Home Archive 18/May/2016 12:29 PM

Palestinian Detainee Resumes Hunger Strike against Detention without Trial

RAMALLAH, May 18, 2016 (WAFA) – Palestinian detainee in Israeli jails Sami Janazrah has resumed his hunger strike in protest of being detained without a charge or trial, one week after he decided to suspend his 70-day hunger strike.

Jawad Boulus, head of the legal unit at the Palestinian Prisoners’ Society (PPS), said the Israeli general prosecutor had asked the Supreme Court to give it seven more days to investigate Janazrah.

Boulus said he objected to the general prosecutor’s request and asked the Supreme Court to cancel his illegal administrative detention, without a charge or trial.

Along with Janazrah, two other Palestinian administrative detainees in Israeli jails, Adeeb Mafarjeh and Foaad Assi, have been hunger striking for over two months in protest of their administrative detention.
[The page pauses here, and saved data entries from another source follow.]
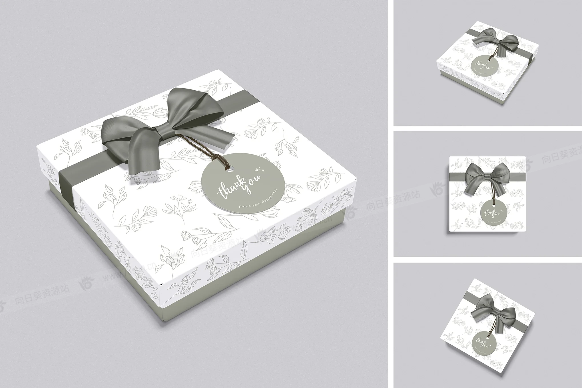 带标签礼品包装盒品牌VI效果图展示智能贴图psd设计样机,该模型包括 04 个带有分层良好 PSD 文件,并且该模型还使用智能对象功能,这意味着您可以在几秒钟内轻松快速地使用自己的设计更改当前设计。
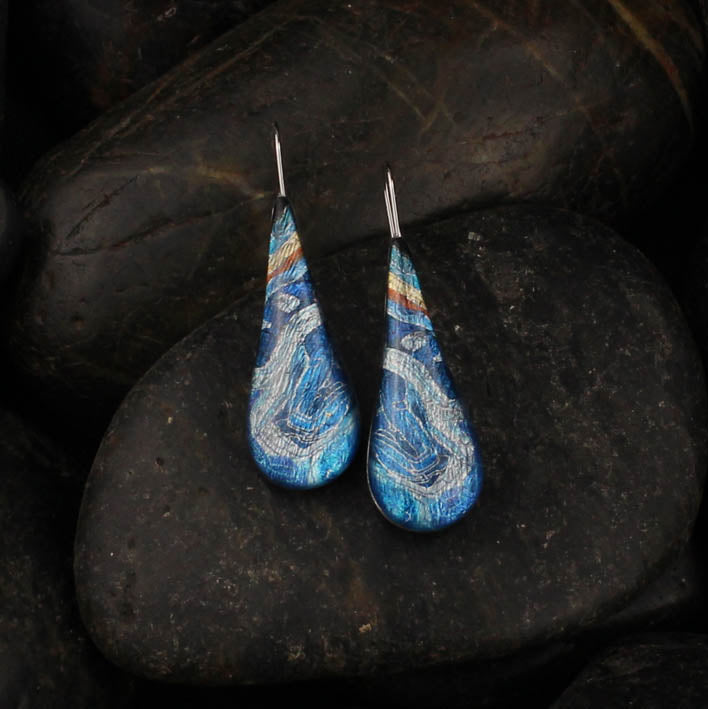 KERRY INDIAN ISLAND BLUE DANGLE DROP LARGE M EARRINGS - D715
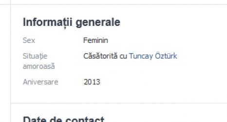 Astfel, la secţiunea "Stare Civilă" stă scris acum "Căsătorită", iar în dreptul secţiunii "Despre Andreea" apare numele ei întreg, Andreea Marin Ozturk. Gestul prezentatoarei TVR arată că se mândreşte cu soţul ei şi cu dragostea ce i-o poartă acestuia, notează ziarul Click!.
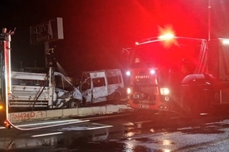 kamyonet ile minibüsün kafa kafaya çarpışması sonucu 2'si çocuk 11 kişi yaralanırken, kaza sonrası alev alan araçlardaki yangın ise itfaiye ekiplerince söndürüldü.
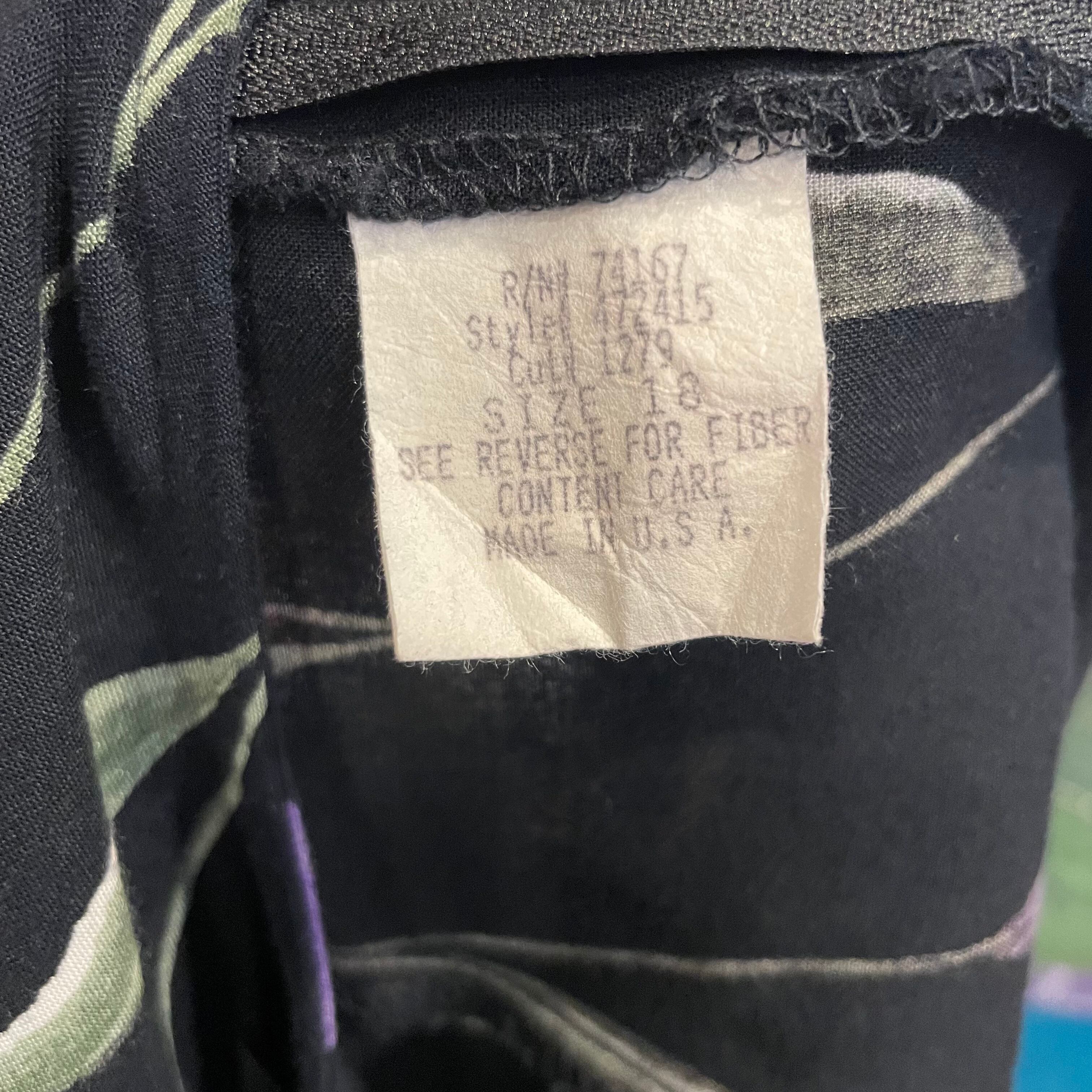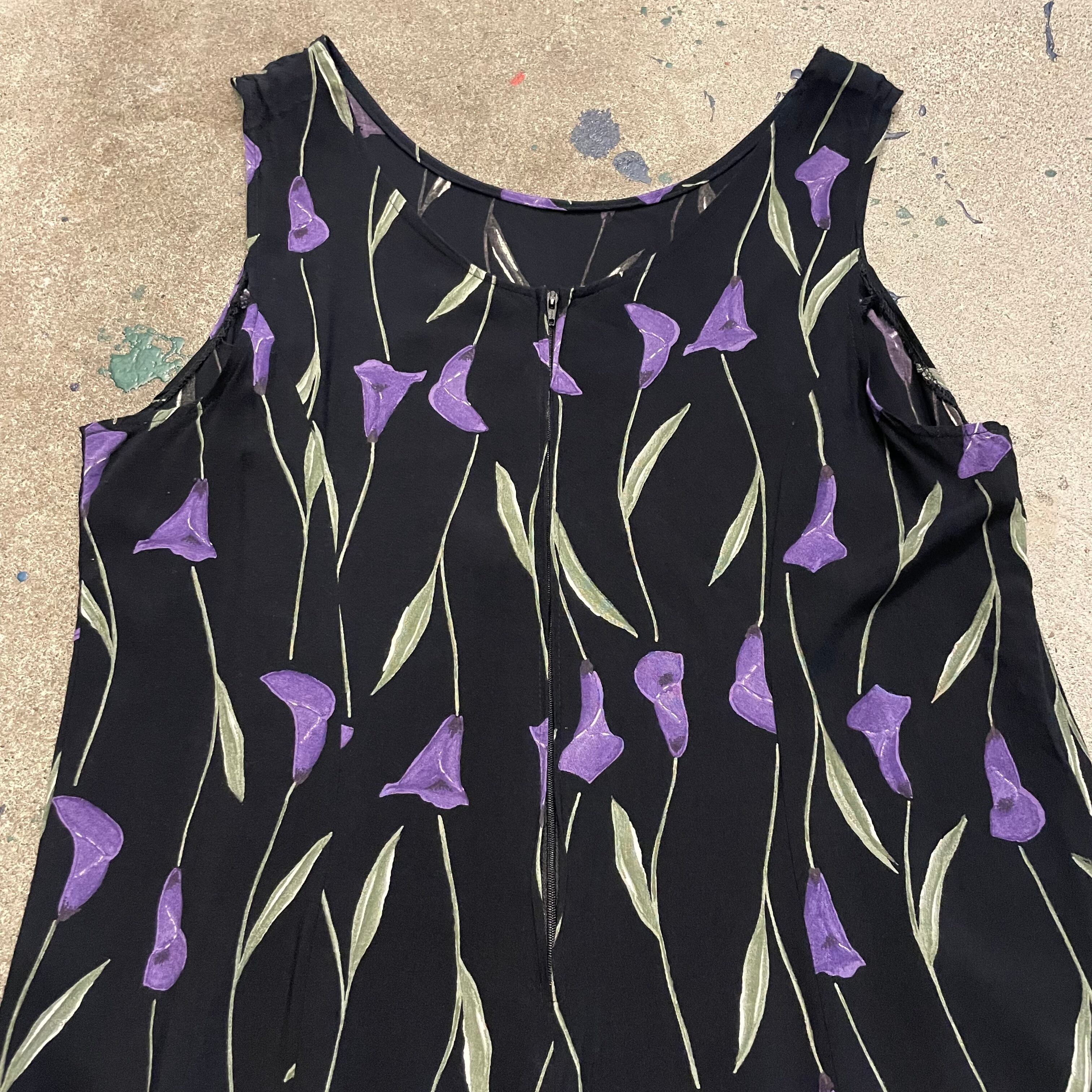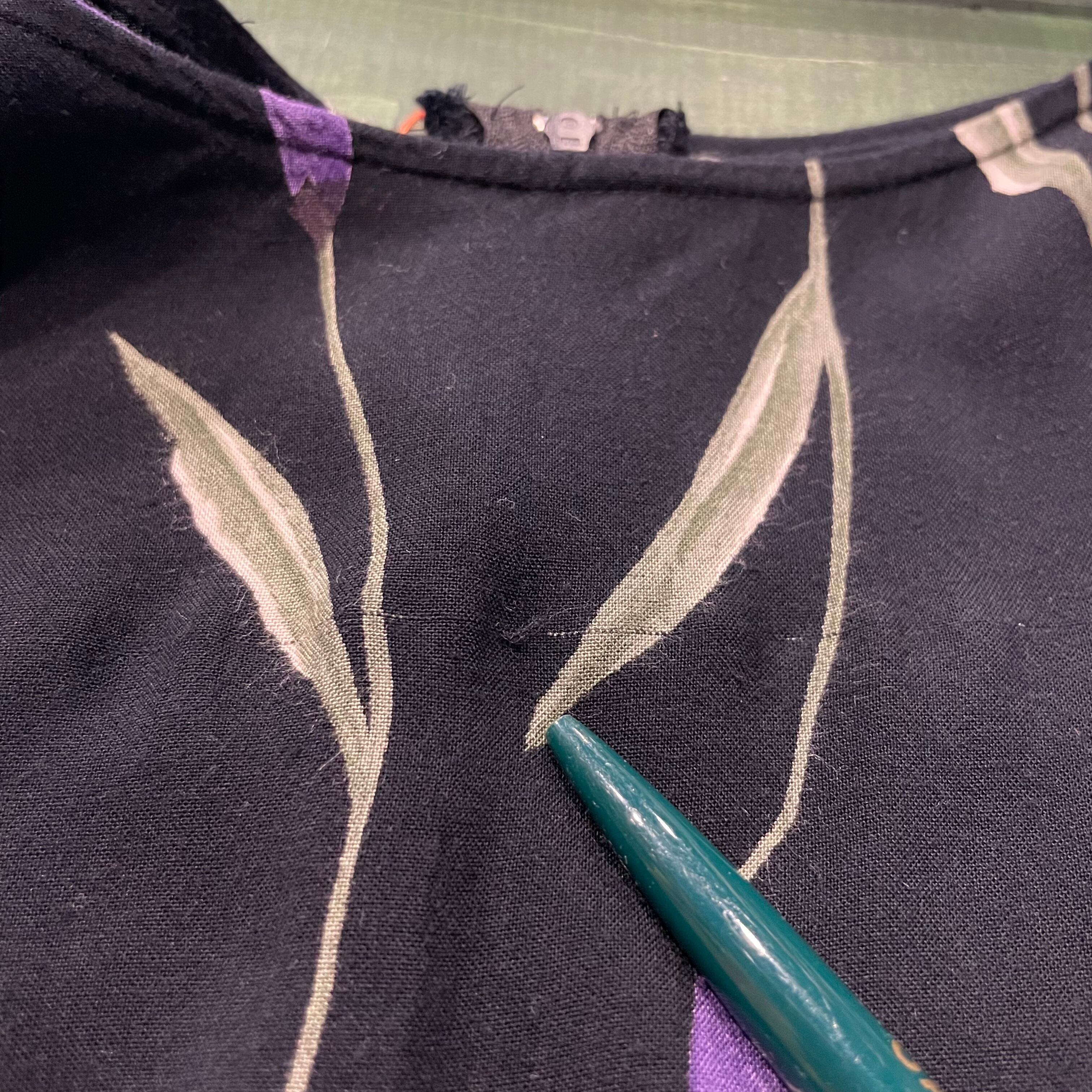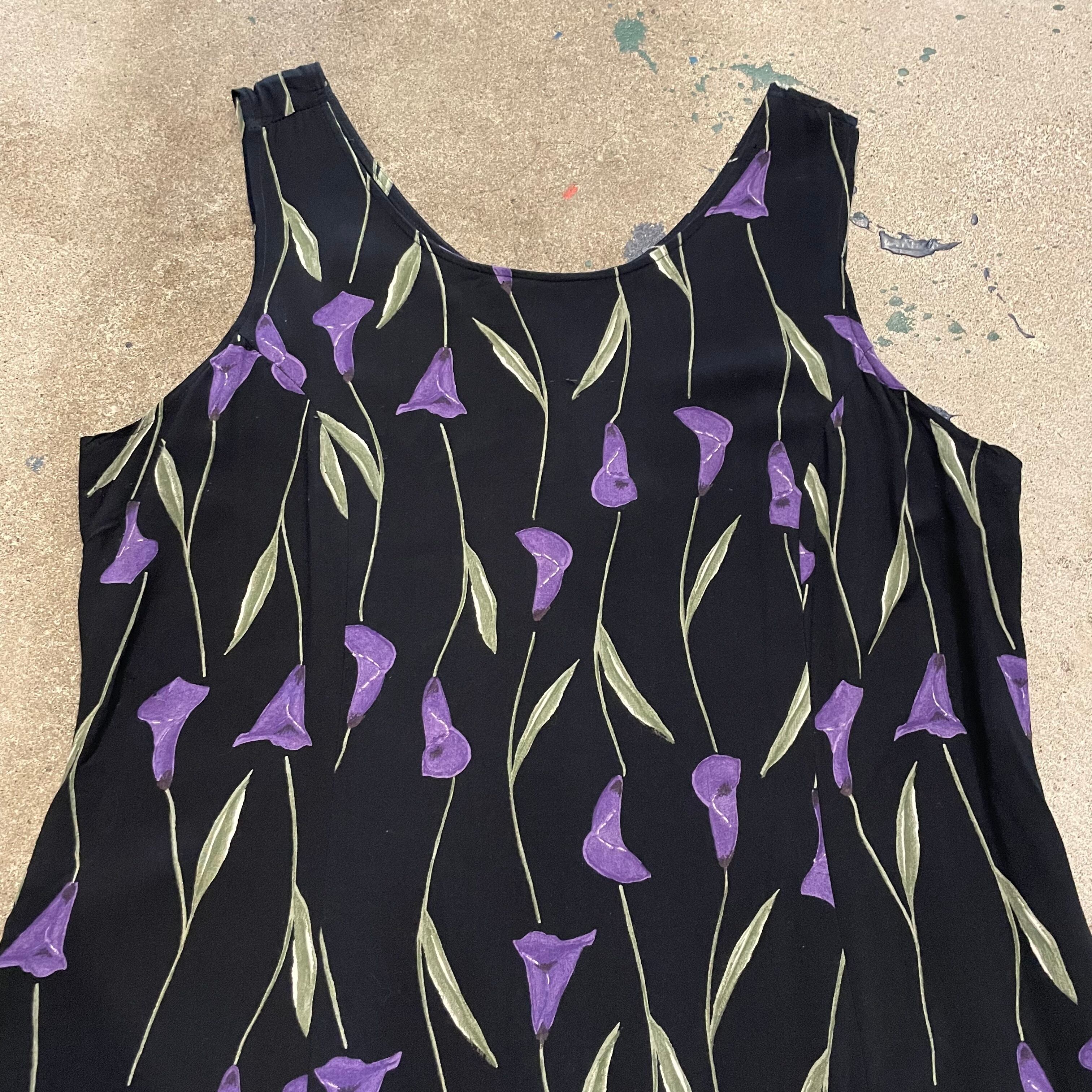 黒地にカラーらしき紫の花柄が素敵なワンピースてす。薄手のレーヨンのゆったりしたシルエットで、軽い!涼しい!楽ちん!な一着です。

There are more than 500 Palestinian prisoners being held under administrative detention, a controversial Israeli practice that allows detention of Palestinians without charge or trial for up to sex-month intervals that can be renewed indefinitely.
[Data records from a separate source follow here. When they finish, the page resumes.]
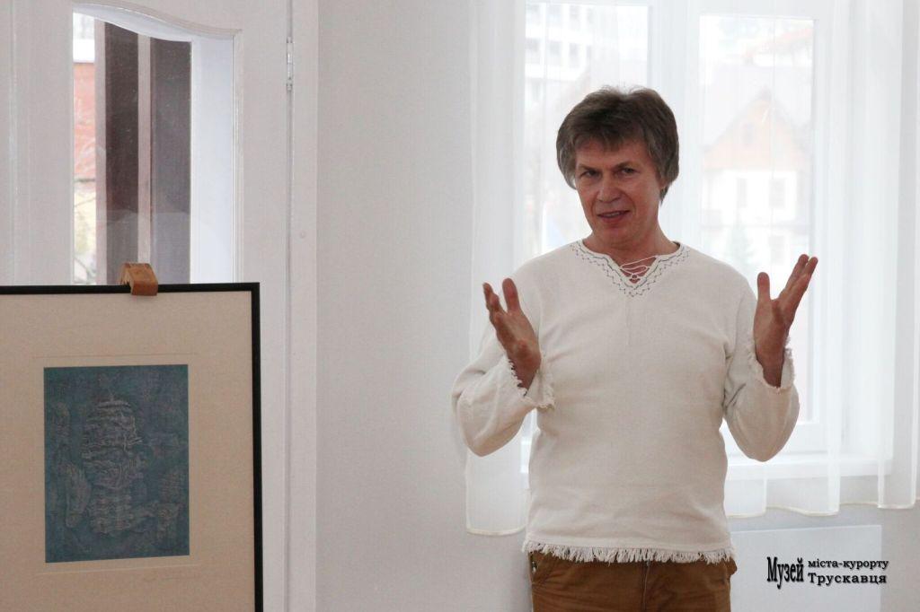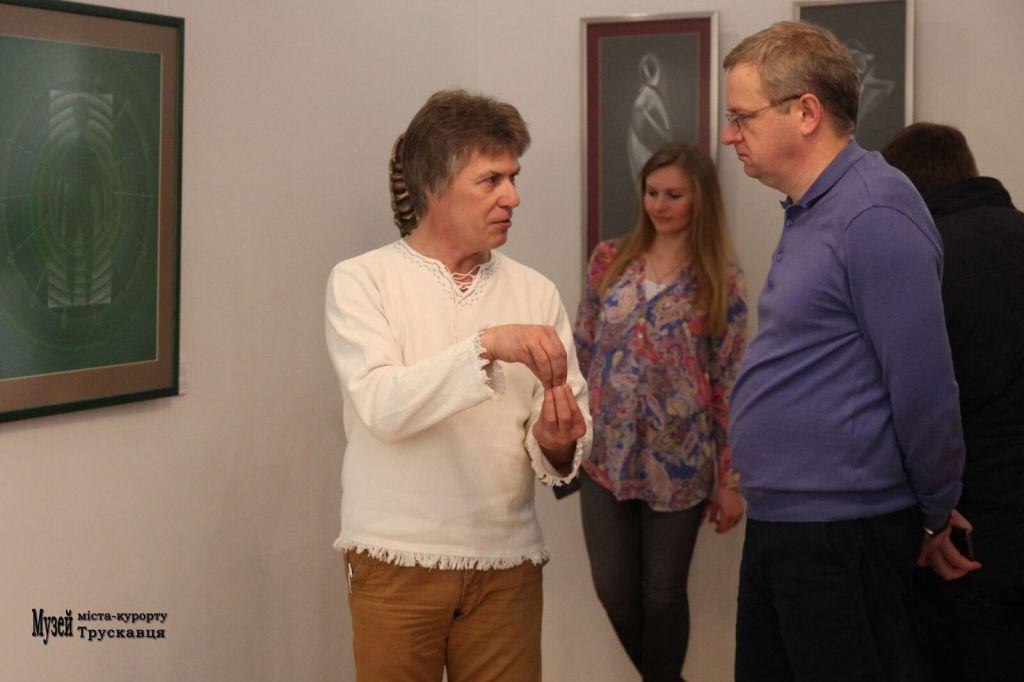 – Спочатку Руслан Романишин експонувався в Дрогобичі, а потім погодився виставити свої роботи у вас в Трускавці. Це сучасне мистецтво абстракціонізму, яке несе філософську думку і навіть має певне коріння східного напрямку, – розповідає відомий дрогобицький митець, лауреат всесвітньої виставки «Експо-2015» в Мілані та митецького фестивалю в Кальярі на Сардинії (Італія) Василь Лялюк.
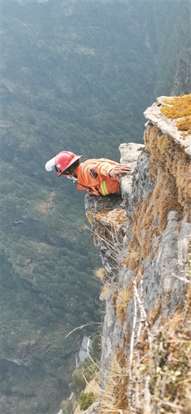 在懸崖峭壁制高點(diǎn)偵察火場情況。
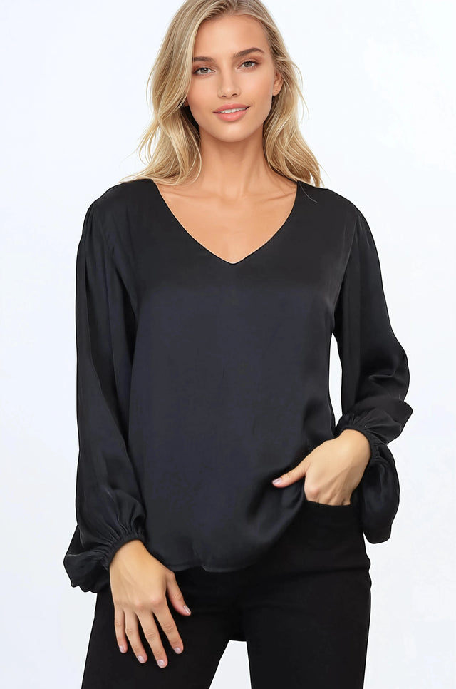 Morgana Blouse - Soft V-Neckline Pull Over Top with Balloon Sleeves in Black
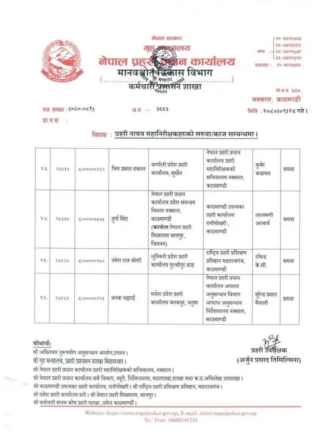 त्यस्तै, प्रहरी प्रधान कार्यालय अन्वेषण योजना तथा निर्देशनालय, नक्सालबाट डीआईजी विष्णुकुमार केसीको बागमती प्रदेश प्रहरी कार्यालयमा सुरुवा भएको छ भने प्रहरी प्रधान कार्यालय कार्य विभाग कार्य निर्देशनालय नक्सालबाट विकासराज खनाल गण्डकी प्रदेश प्रहरी कर्यालय पुगेका छन्।

Israeli officials claim the practice is an essential tool in preventing attacks and protecting sensitive intelligence, but it has been strongly criticized by the international community as well as by both Israeli and Palestinian rights groups.

The Israeli human rights organization, B’Tselem, said international law stipulates that administrative detention may be exercised only in very exceptional cases. Nevertheless, Israeli authorities routinely employ administrative detention on thousands of Palestinians.

Israel uses administrative detention regularly as a form of collective punishment and mass detention of Palestinians, and frequently uses administrative detention when it fails to obtain confessions in interrogations of Palestinian detainees.

Palestinian detainees have continuously resorted to open-ended hunger strikes as a way to protest their illegal administrative detention and to demand an end to this policy, which violates international law.